I caused a minor kerfuffle last month when I expressed my opinion about HIStalk’s advertising options. Mr. HIStalk took some exception when I wrote that Inga “claims to be female and sports a sultry avatar”. Here was his response:
An online article suggests that perhaps Inga is a man writing as a woman. I couldn’t wait to tease her about that, but she had already seen it and responded back that a couple of readers have e-mailed her with the same suspicion. Let me forcefully allay that speculation: Inga is most definitely female, and a quite striking example if I may say (not only at least as cute and charming as her avatar suggests, but darned smart and caustically funny in our offline e-mails). So let’s treat the lady with some respect, OK? She’s the queen around here.
Obviously, I don’t want to offend such high-powered thought leaders, so I emailed both Mr. H. and Inga a mea culpa. I will never again doubt Inga’s femininity. And, for the record, Inga asked my opinion about how they could improve their ad options. I don’t think they plan on changing their format any time soon, but it was kind of them to listen.
Speaking of Inga, she questioned the wisdom of some HIT vendor’s PR tactics a few days ago:
I’m still wading through the endless number of e-mails and need some PR person to answer me this: why does every single vendor feel the need to issue press releases during HIMSS? Don’t companies realize their news is more likely to be overlooked because of the sheer volume being churned out by companies, PR people, and media outlets?

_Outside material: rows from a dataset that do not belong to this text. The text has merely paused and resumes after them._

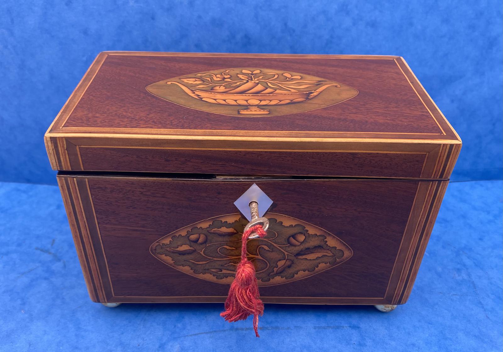 Georgian Mahogany Tea Caddy with Harewood Floral Panels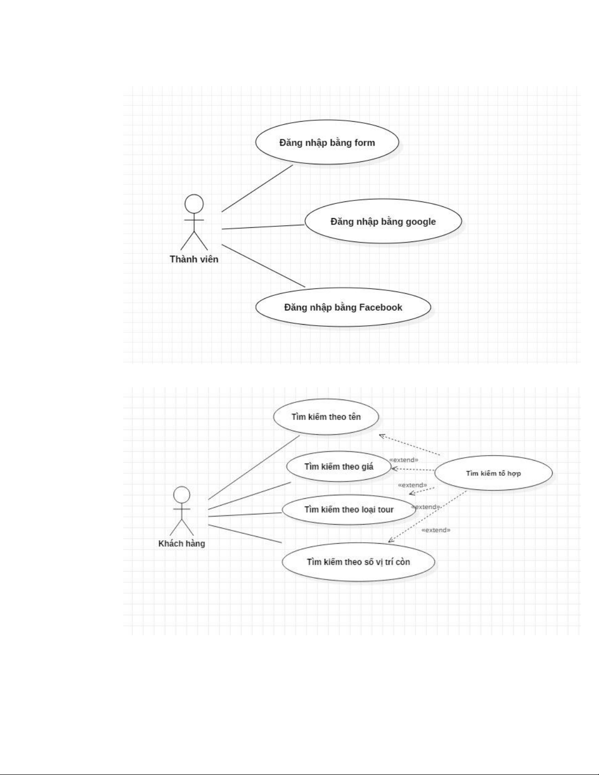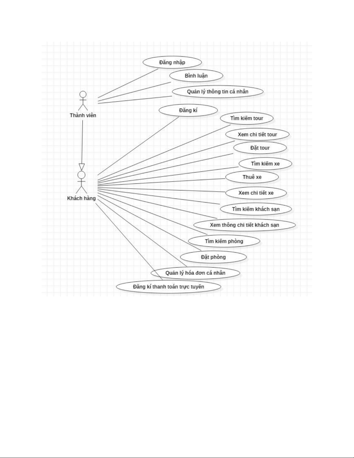 • Actor khách hàng: Khách hàng vào website có thể tìm kiếm, xem tour và tiến hành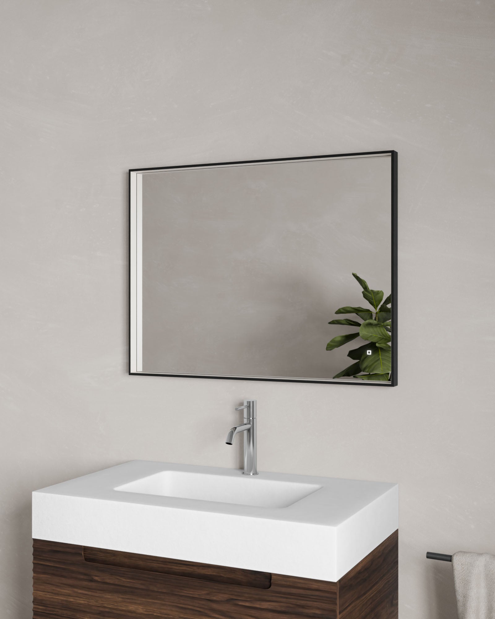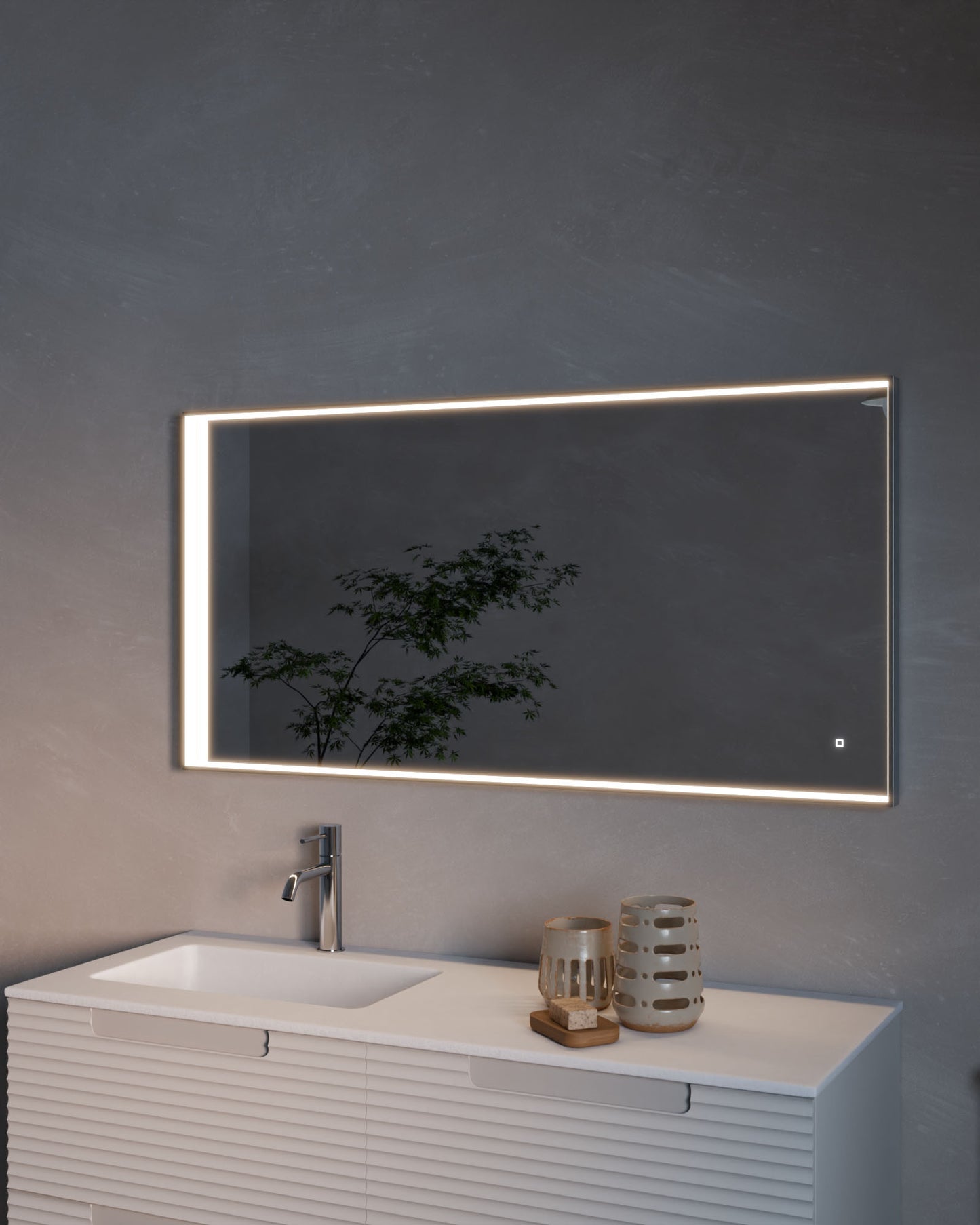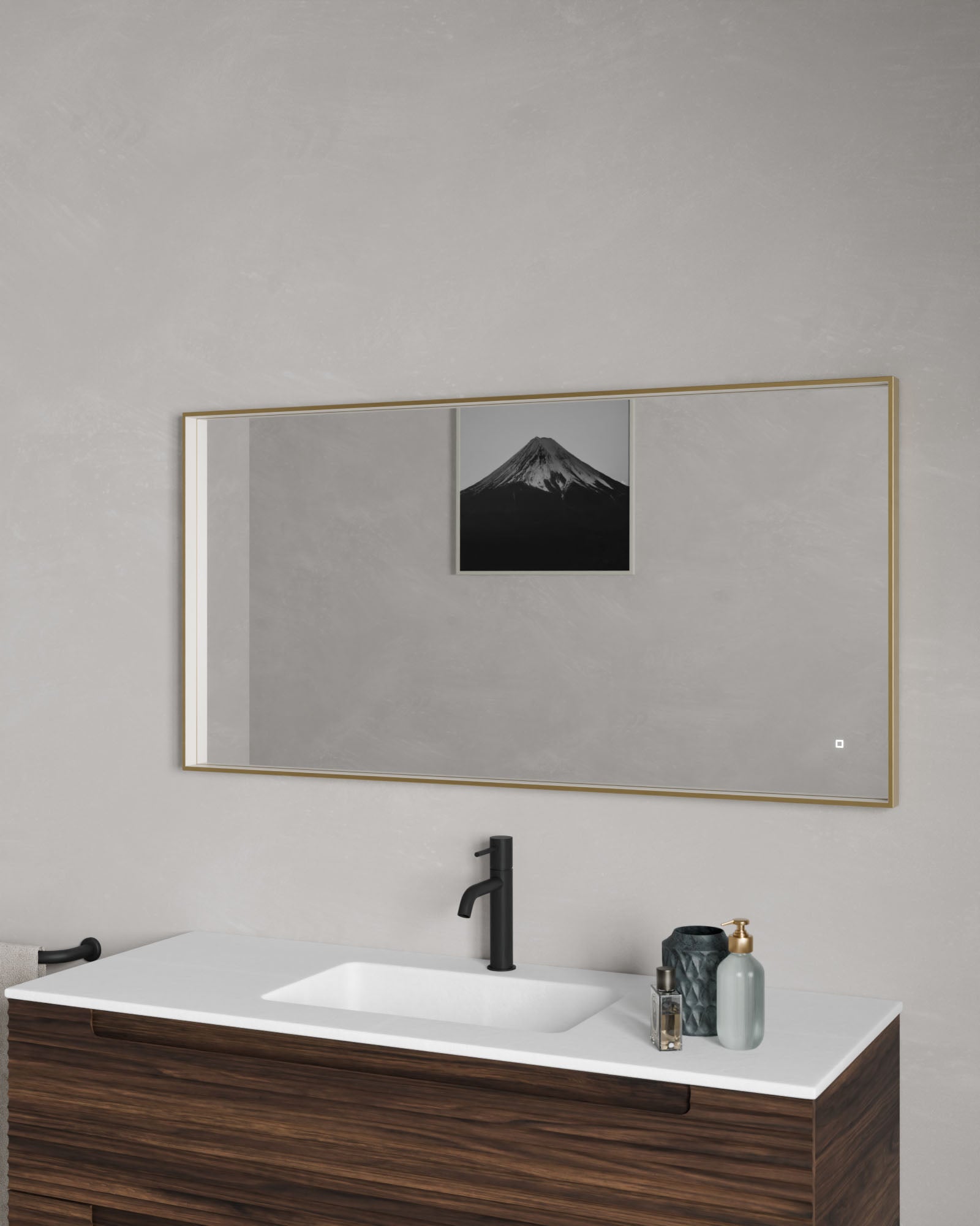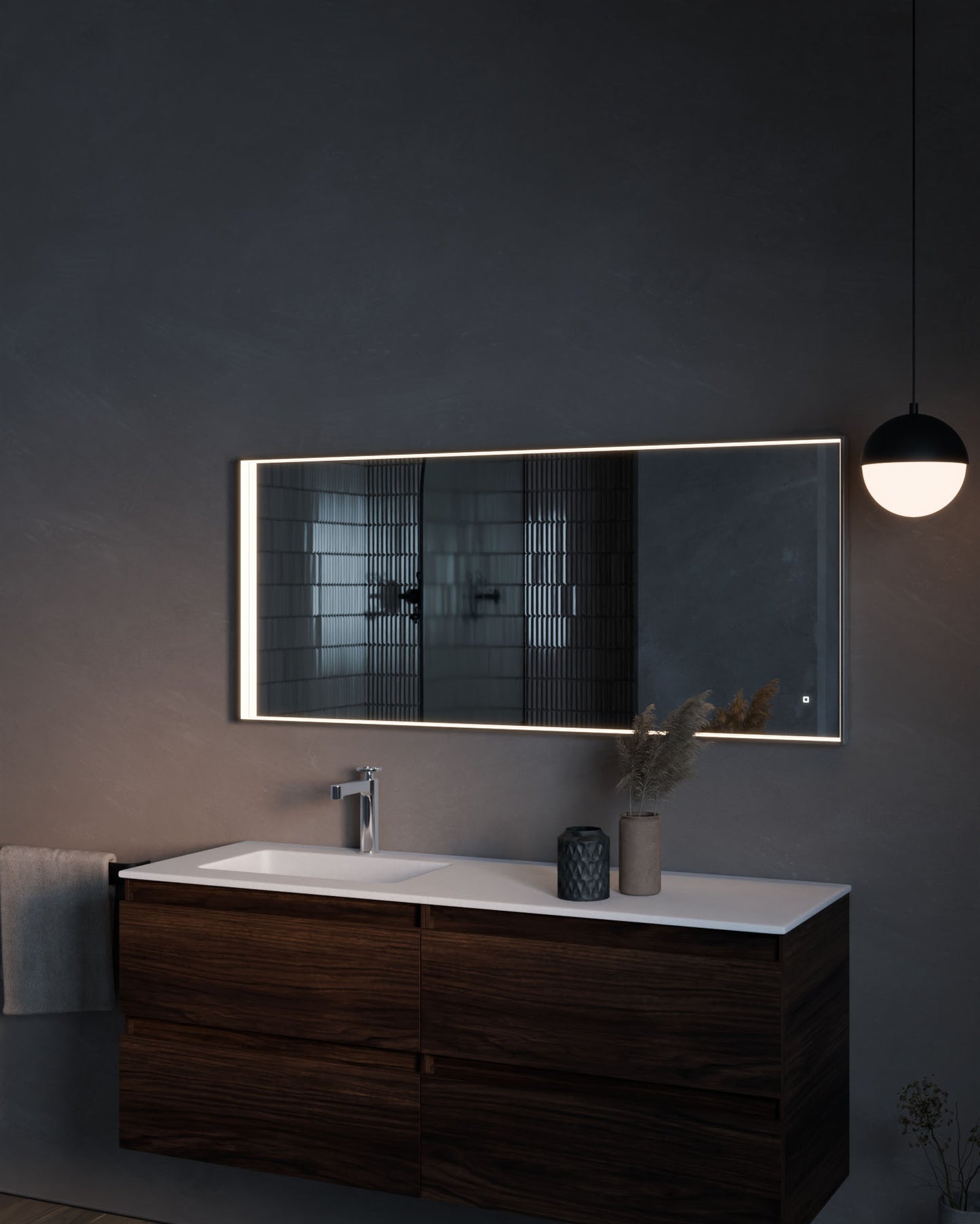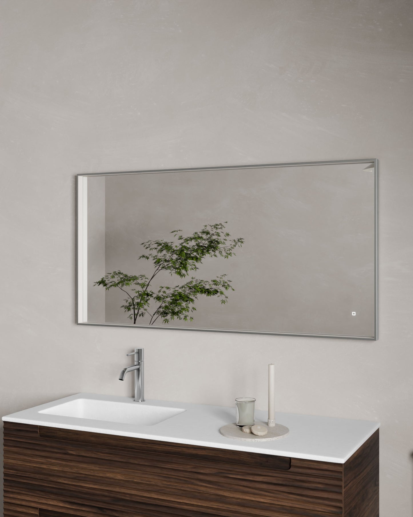 Rechteckiger Spiegel mit breitem Rahmen in Silber, Gold oder Schwarz, der minimalistisches Design mit modernster Technik kombiniert, um dein Bad zum Strahlen zu bringen.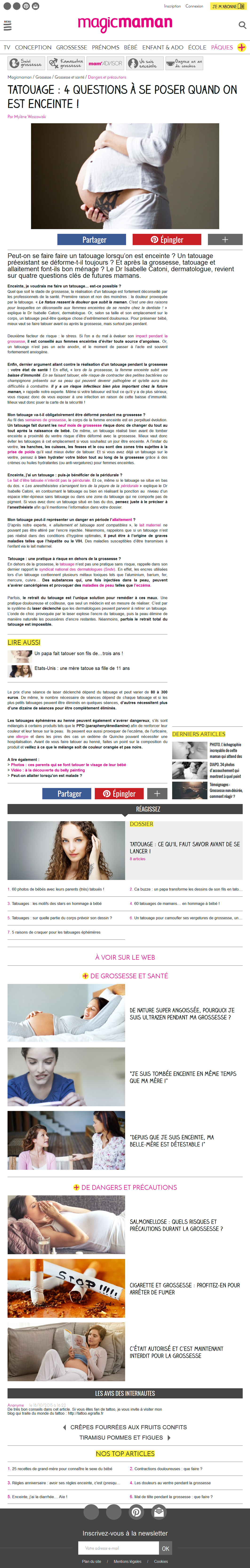 Tatouage : 4 questions à se poser quand on est enceinte !MagicmamanLe 01 août 2013 >> Lisez l'article en ligne ou téléchargez-le : Cliquez pour telecharger le fichier Telechargement en cours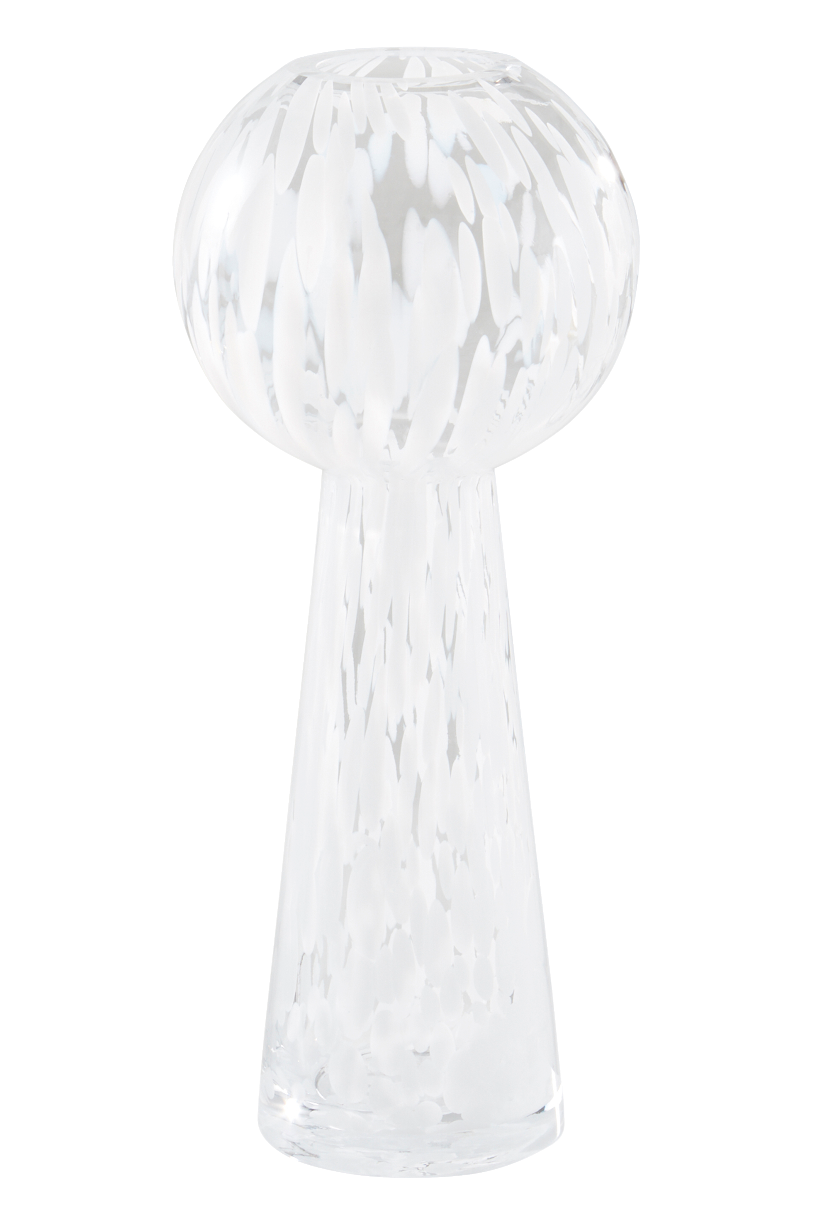 Håndlaget glassvase i klart glass med hvit dekor i glasset. Den spesielt formede vasen løfter frem skjønnheten i høye snittblomster. Håndverket gjør hver vase unik.

As a journalist, she’s got a point. Surely vendors must know that releasing their bit of news during HIMSS increases the chance of getting lost in the shuffle. My response is that news releases aren’t really for journalists, anymore. The biggest benefit of news releases is how they can strengthen your search engine marketing. Services like PR Newswire and Business Wire get a lot of link love from Google and other search engines, and when content from their news release links to your site, that’s golden.
Sure, news releases are often the right vehicle for announcing new products or some newsworthy happening to journalists. But the real work happens on the follow-up. When a corporate PR manager or PR agency has healthy working relationships with health care journalists, they’re more likely to be able to get your organization the publicity they want during heavy traffic times such as HIMSS.
One HIStalk respondent—”Beastly”—shared some best practices for PR that are worth repeating here:
A true PR professional knows the difference between [what is] newsworthy and [what is] wasting a journalist’s time. We also have an ethical responsibility to advise our clients if and when their perception of news doesn’t merit coverage. Issuing press releases about non-news compares to the ‘boy who cried wolf,’ syndrome.
I’ve had to tell vendor leaders that their “news” doesn’t merit a news release. Those conversations are never easy.
Your turn: Are news releases relevant to your marketing efforts?